▶ TASK DIRECTIONS
Retype nothing except the lines below from the one with "如图,若将△ABC顶点的横坐" through the one with "9,000원/월년도별 개산, 증가개산, 추가개산, 확정", exactly, with images left out.

▶ RECORD EXCERPTS

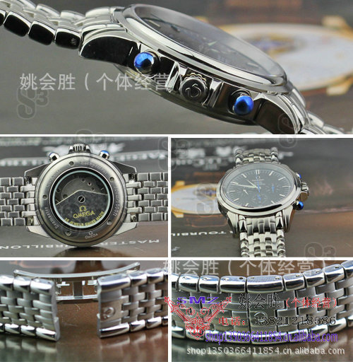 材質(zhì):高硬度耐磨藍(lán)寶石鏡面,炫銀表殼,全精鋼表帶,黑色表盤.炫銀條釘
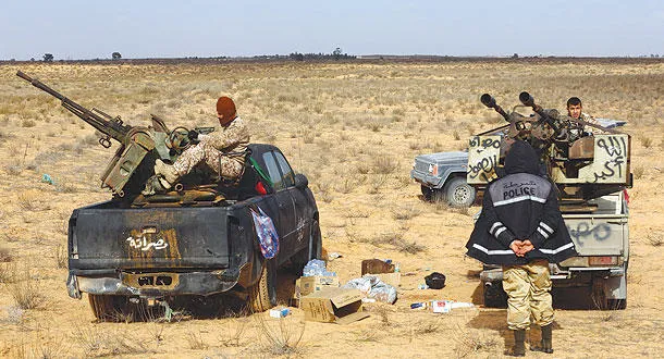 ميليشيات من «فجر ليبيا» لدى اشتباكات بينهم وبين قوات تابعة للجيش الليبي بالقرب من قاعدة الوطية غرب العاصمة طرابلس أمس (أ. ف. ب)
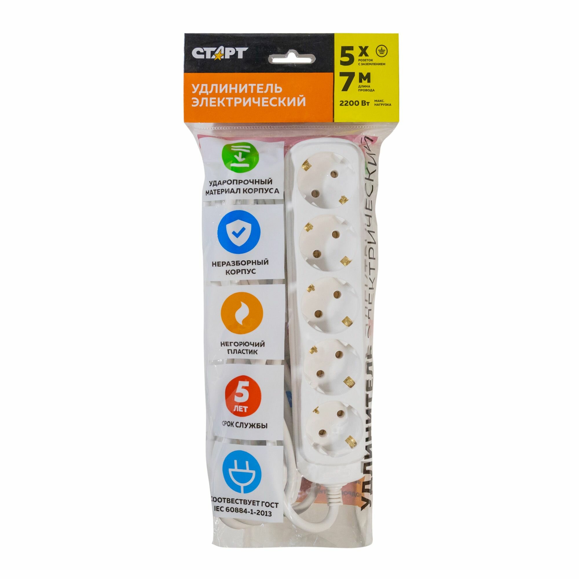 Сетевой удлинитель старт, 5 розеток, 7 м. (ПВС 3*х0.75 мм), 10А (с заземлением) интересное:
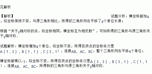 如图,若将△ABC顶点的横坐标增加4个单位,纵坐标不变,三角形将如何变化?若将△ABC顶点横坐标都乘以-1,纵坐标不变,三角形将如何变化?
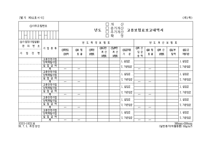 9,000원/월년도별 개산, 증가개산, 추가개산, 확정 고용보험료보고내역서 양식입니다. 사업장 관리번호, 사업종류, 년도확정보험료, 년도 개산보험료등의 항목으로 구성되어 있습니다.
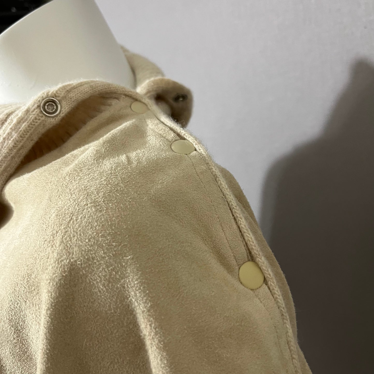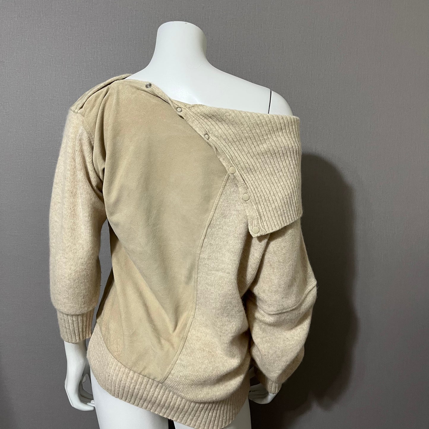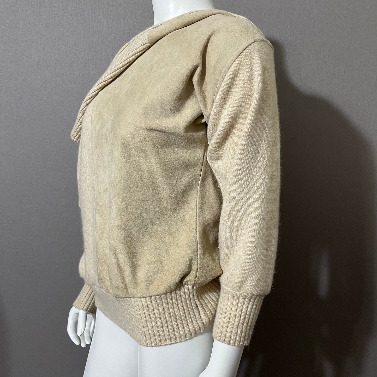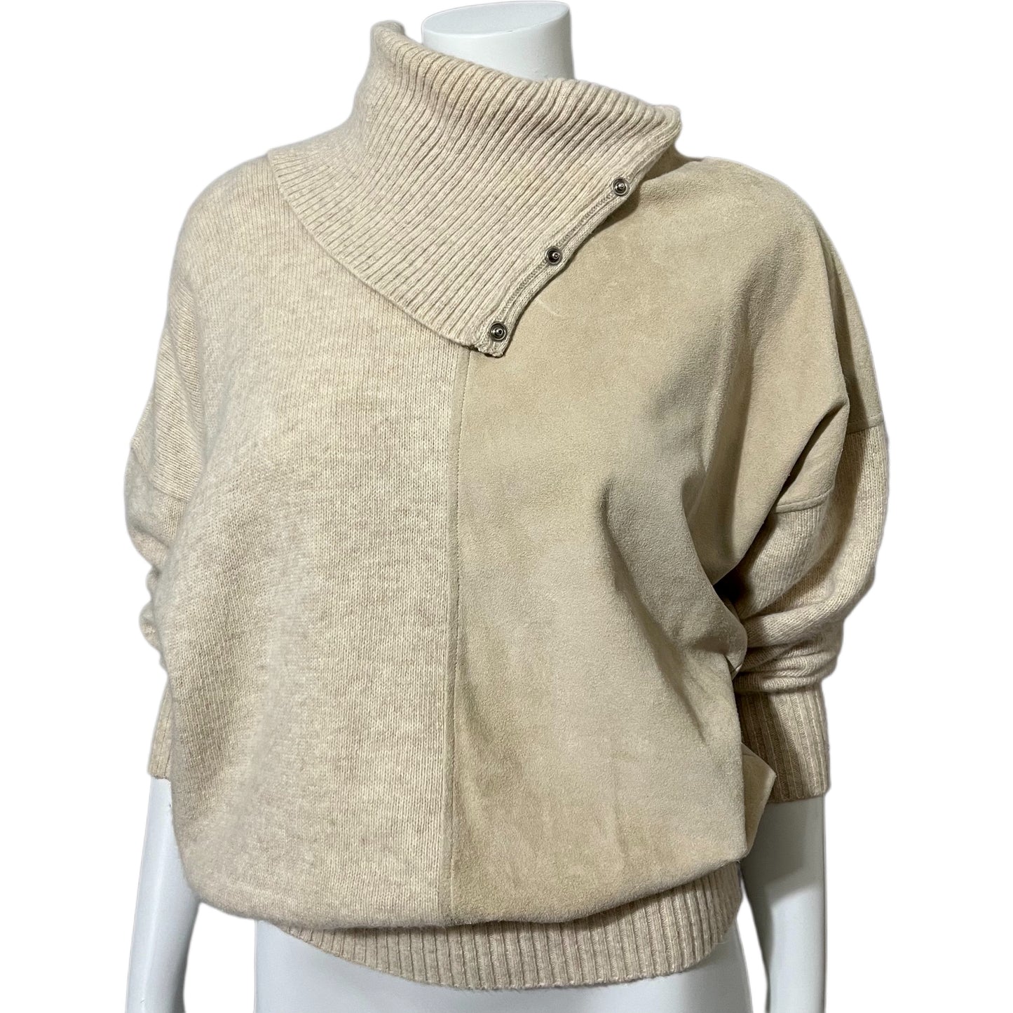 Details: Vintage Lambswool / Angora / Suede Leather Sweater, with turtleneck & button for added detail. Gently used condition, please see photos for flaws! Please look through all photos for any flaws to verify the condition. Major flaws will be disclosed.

---

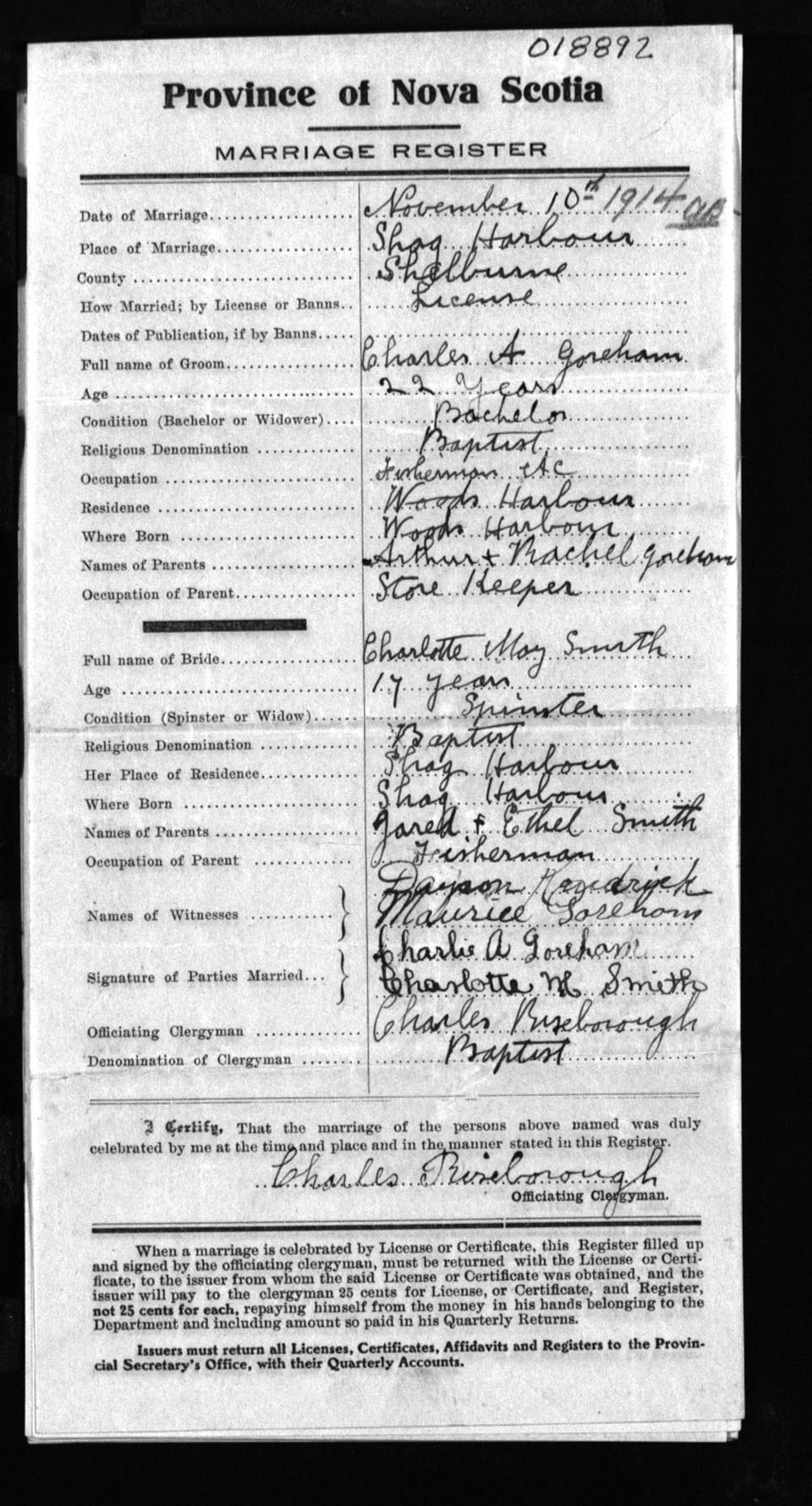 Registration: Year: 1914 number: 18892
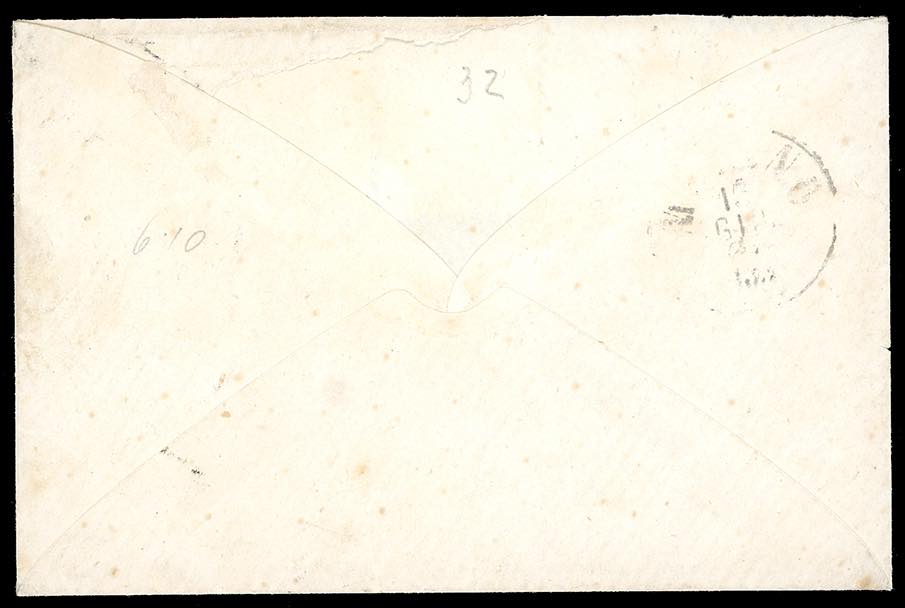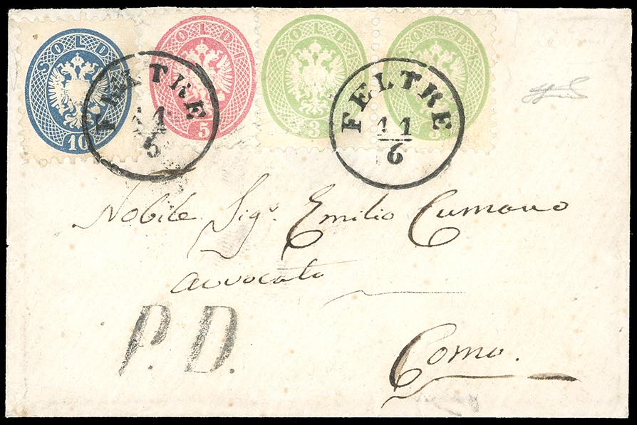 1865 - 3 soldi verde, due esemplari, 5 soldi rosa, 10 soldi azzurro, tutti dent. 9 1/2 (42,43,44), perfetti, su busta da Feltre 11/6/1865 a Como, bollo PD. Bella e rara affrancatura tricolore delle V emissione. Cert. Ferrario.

▶ OUTPUT
 如图,若将△ABC顶点的横坐标增加4个单位,纵坐标不变,三角形将如何变化?若将△ABC顶点横坐标都乘以-1,纵坐标不变,三角形将如何变化?
 9,000원/월년도별 개산, 증가개산, 추가개산, 확정 고용보험료보고내역서 양식입니다. 사업장 관리번호, 사업종류, 년도확정보험료, 년도 개산보험료등의 항목으로 구성되어 있습니다.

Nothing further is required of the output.